In einer E-Mail an MedCity News wies Faatin Chaudhury, Leiter Kostenträgerstrategie und Partnerschaften bei Folx Health, darauf hin, dass die Akzeptanz von Telemedizin im Vergleich zu den frühen Tagen der Pandemie zwar zurückgegangen sei, die Nutzung jedoch insgesamt immer noch über dem Niveau vor der Pandemie liege.
Ihrer Ansicht nach stehen Telemedizinanbieter nicht vor einer Welt des Untergangs – sie müssen lediglich die Versorgung auf die von ihnen betreuten Gemeinschaften zuschneiden und erkennen, wie wichtig es ist, das Patientenerlebnis zu optimieren.
„Die virtuelle Gesundheitsbranche hat in den letzten Jahren ein erhebliches Wachstum und eine erhebliche Entwicklung erlebt und spielt eine entscheidende Rolle bei der Erweiterung des Zugangs zur Gesundheitsversorgung für viele, insbesondere für LGBTQ+ und marginalisierte Gemeinschaften. Virtuelle Pflege ist oft eine Lebensader und bietet eine zugängliche und integrative Gesundheitsversorgung für diejenigen, die beim Zugang zu traditionellen Gesundheitsdiensten auf Hindernisse stoßen“, schrieb Chaudhury.
Da Folx eine auf die LGBTQ+-Community zugeschnittene Betreuung bietet, bietet es seinen Benutzern ein differenziertes Erlebnis.
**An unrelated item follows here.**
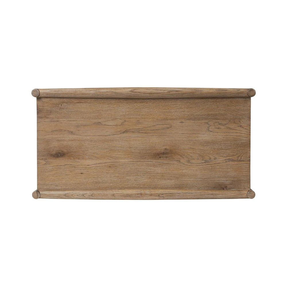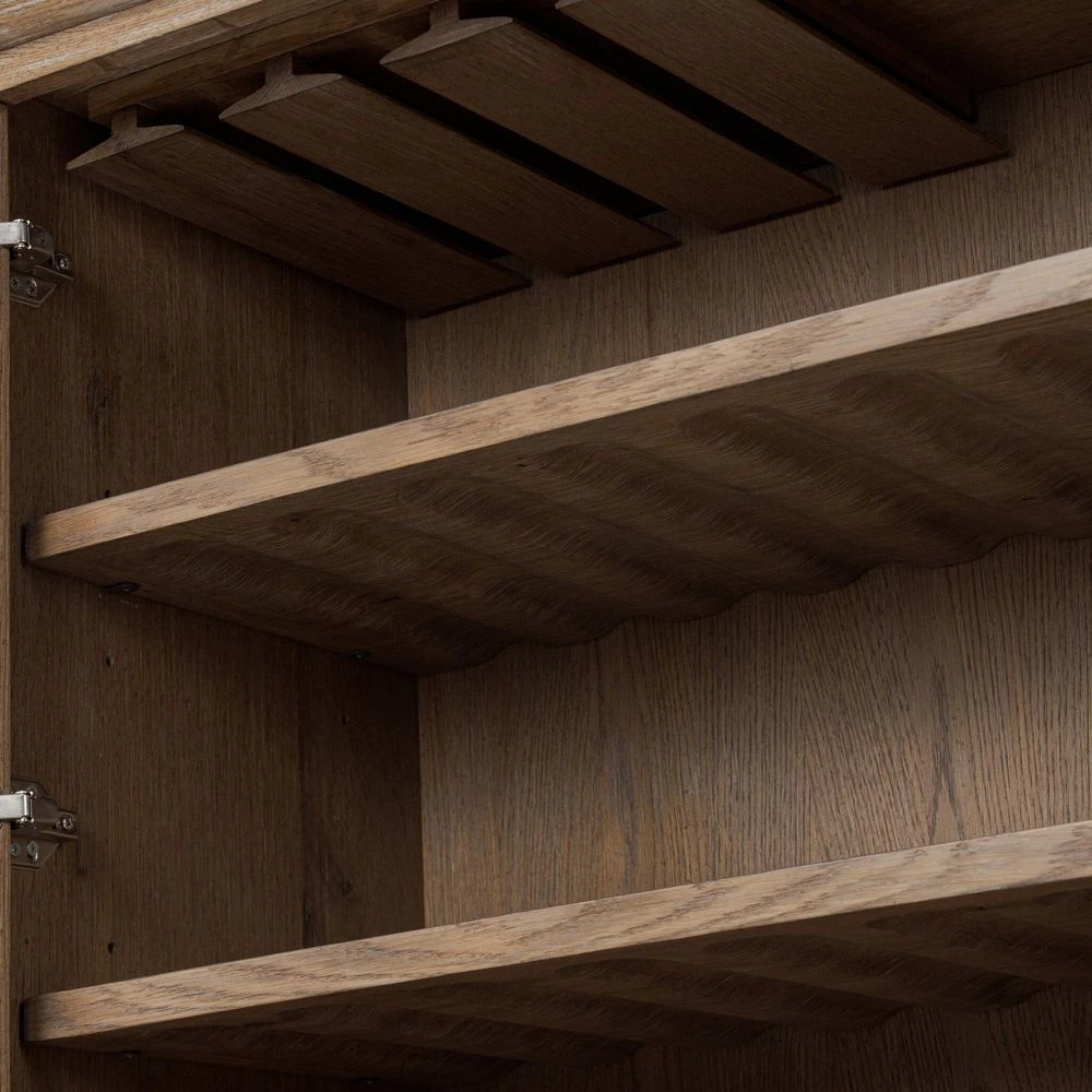 Description: A rustic oak bar cabinet shapes subtly curved corners, bringing a handcrafted look to a minimalist form. Fixed center shelves, functional drawers and glass fronts for open display. Simple hardware is finished in an aged bronze.

Mehr als die Hälfte der Transgender-Personen in den USA leben in Bundesstaaten, die überwiegend ländlich sind – und in denen Telemedizin für den Zugang von entscheidender Bedeutung ist – betonte Chaudhury.
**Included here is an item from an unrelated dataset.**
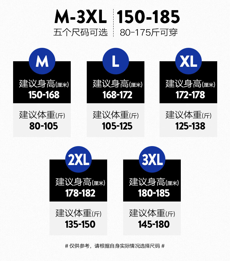 China (cm) 165 / 88-90 170 / 96-98 175 / 108-110 180 / 118-122 185 / 126-130

Allerdings konzentrieren sich nicht alle Telemedizinanbieter auf diese Art von Nischenpatienten – die virtuelle Pflegeeinheit von Optum hatte dies nicht. Laut einem anderen führenden Gesundheitsunternehmen könnte dies ein Hauptgrund dafür sein, dass sich das Unternehmen für die Schließung des Geschäfts entschieden hat. Rishi Gowda – CEO des Gesundheits-KI-Unternehmens Crosby Health – stimmte Chaudhury zu und sagte, dass es einen spürbaren Trend gebe, dass virtuelle Pflegeanbieter angesichts des wachsenden Wettbewerbs den Schwerpunkt auf das Patientenerlebnis legen. Dennoch scheint es, dass Optum seinen Fokus strategisch anpasst, um „Märkte zu erschließen, in denen es eine größere Präsenz haben kann“, schrieb er in einer E-Mail.
„Angesichts der Partnerschaften der UnitedHealth Group mit mehreren Anbietern virtueller Pflege in verschiedenen Fachgebieten ist es verständlich, dass die Organisation ihren Ansatz für das Pflegemanagement verfeinert. Ich bin davon überzeugt, dass die UnitedHealth Group durch die Auswahl spezifischer Spuren und die Verfeinerung ihrer laufenden Pflegestrategie darauf abzielt, die Erfahrung ihrer Mitglieder zu verbessern, indem sie einen maßgeschneiderteren und nahtloseren virtuellen Pflegedienst anbietet“, erklärte Gowda.